The four "flavors" of search documents per ID are referred to as search filters.

The documents in the search index are identified (via the key property) by a unique string with the following format:

{sanitized lowercase ID}-{base64 lowercase ID}-{search filter}

The sanitized lowercase ID removes all characters from the package ID that are not acceptable for Azure Search document keys, like dots and non-ASCII word characters (like Chinese characters). This component of the document key is included for readability purposes only.

The base64 lowercase ID is the base64 encoding of the package ID's bytes, encoded with UTF-8. This string is guaranteed to be a 1:1 mapping with the lowercase package ID and is included for uniqueness. The HttpServerUtility.UrlTokenEncode API is used for base64 encoding.

The search filter has one of four values:

  • Default - Stable + SemVer 1.0.0
  • IncludePrerelease - Stable/Prerelease + SemVer 1.0.0
  • IncludeSemVer2 - Stable + SemVer 2.0.0
  • IncludePrereleaseAndSemVer2 - Stable/Prerelease + SemVer 2.0.0

For the package ID BaseTestPackage.SearchFilters, the Stable + 1.0.0 document key would be:

basetestpackage_searchfilters-YmFzZXRlc3RwYWNrYWdlLnNlYXJjaGZpbHRlcnM1-Default

Each document contains a variety of metadata fields originating from the latest version in the application version list as well as a field listing all versions. See the NuGet.Services.AzureSearch.SearchDocument.Full class and its inherited members for a full list of the fields.

Unlisted package versions do not appear in the search index at all.

Hijack index

The hijack index is used by the gallery to fulfill specific metadata lookup operations. For example, if a customer is looking for metadata about all versions of the package ID Newtonsoft.Json, in certain cases the gallery will query the search service for this metadata and the search service will use the hijack index to fetch the data.

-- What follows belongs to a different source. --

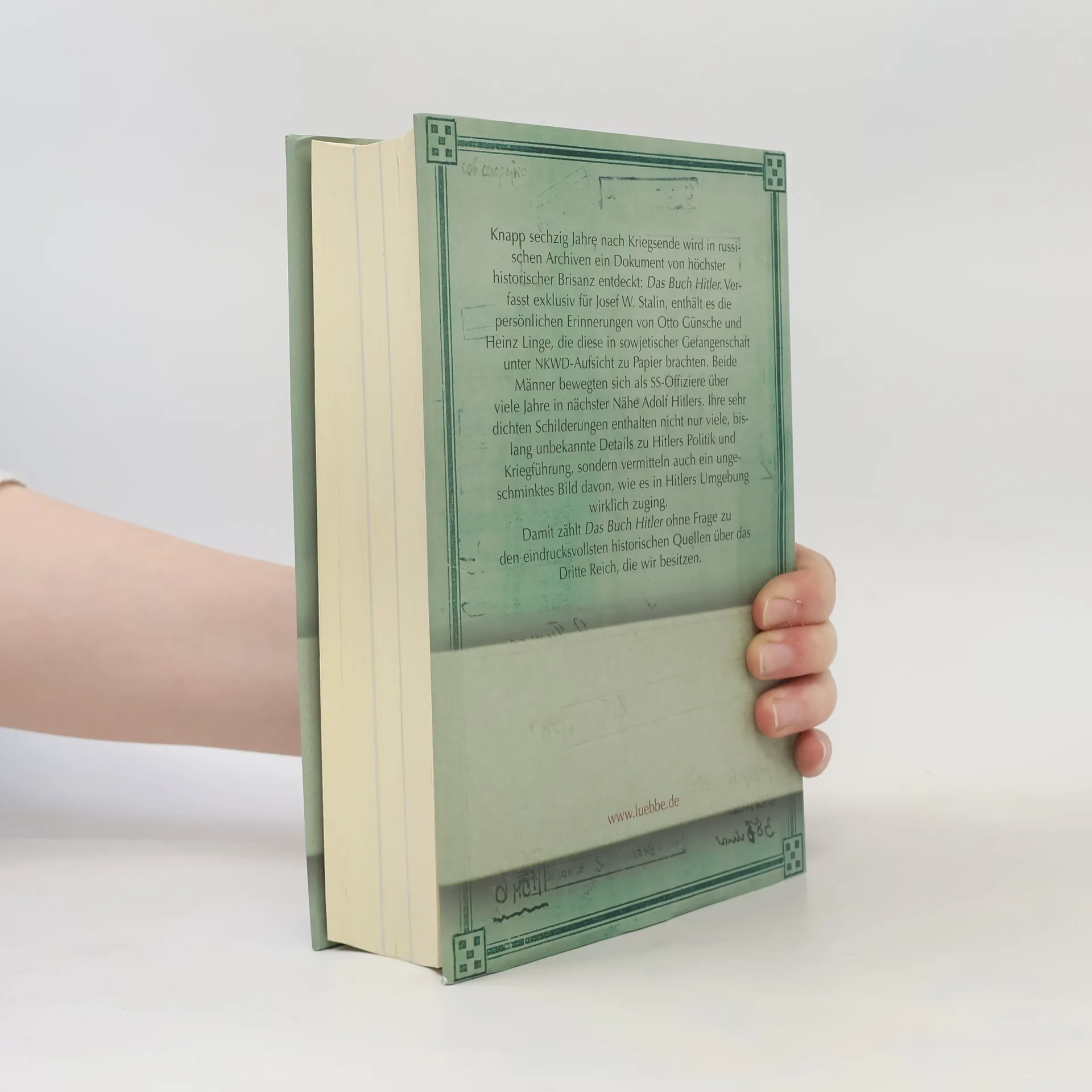 Knapp sechzig Jahre nach Kriegsende wird in russischen Archiven ein Dokument von höchster historischer Brisanz entdeckt: Das Buch Hitler. Verfasst exklusiv für Josef W. Stalin, enthält es die persönlichen Erinnerungen von Otto Günsche und Heinz Linge, die diese in sowjetischer Gefangenschaft unter NKWD-Aufsicht zu Papier brachten. Beide Männer bewegten sich als SS-Offiziere über viele Jahre in nächster Nähe Adolf Hitlers. Ihre sehr dichten Schilderungen enthalten nicht nur viele, bislang unbekannte Details zu Hitlers Politik und Kriegführung, sondern vermitteln auch ein ungeschminktes Bild davon, wie es in Hitlers Umgebung wirklich zuging. Eine der eindrucksvollsten historischen Quellen über das Dritte Reich!

This index has one document for every version of every package ID, whether it is unlisted or not. The search service uses this index to find all versions of a package via the ignoreFilter=true parameter including,

The documents in the hijack index are identified (via the key property) by a unique string with the following format:

{sanitized ID/version}-{base64 ID/version}

The sanitized ID/version removes all characters from the {lowercase package ID}/{lowercase, normalized version} that are not acceptable for Azure Search document keys, like dots and non-ASCII word characters (like Chinese characters). This component of the document key is included for readability purposes only.

The base64 ID/version is the base64 encoding of the previously mentioned concatenation of ID and version, encoded with UTF-8. This string is guaranteed to be a 1:1 mapping with the lowercase package ID and version and is included for uniqueness. The HttpServerUtility.UrlTokenEncode API is used for base64 encoding.

For the package ID BaseTestPackage.SearchFilters and version 1.3.0+metadata, the document key would be:

basetestpackage_searchfilters_1_3_0-YmFzZXRlc3RwYWNrYWdlLnNlYXJjaGZpbHRlcnMvMS4zLjA1

Each document contains a variety of metadata fields originating from the latest version in the application version list as well as a field listing all versions. See the NuGet.Services.AzureSearch.HijackDocument.Full class and its inherited members for a full list of the fields.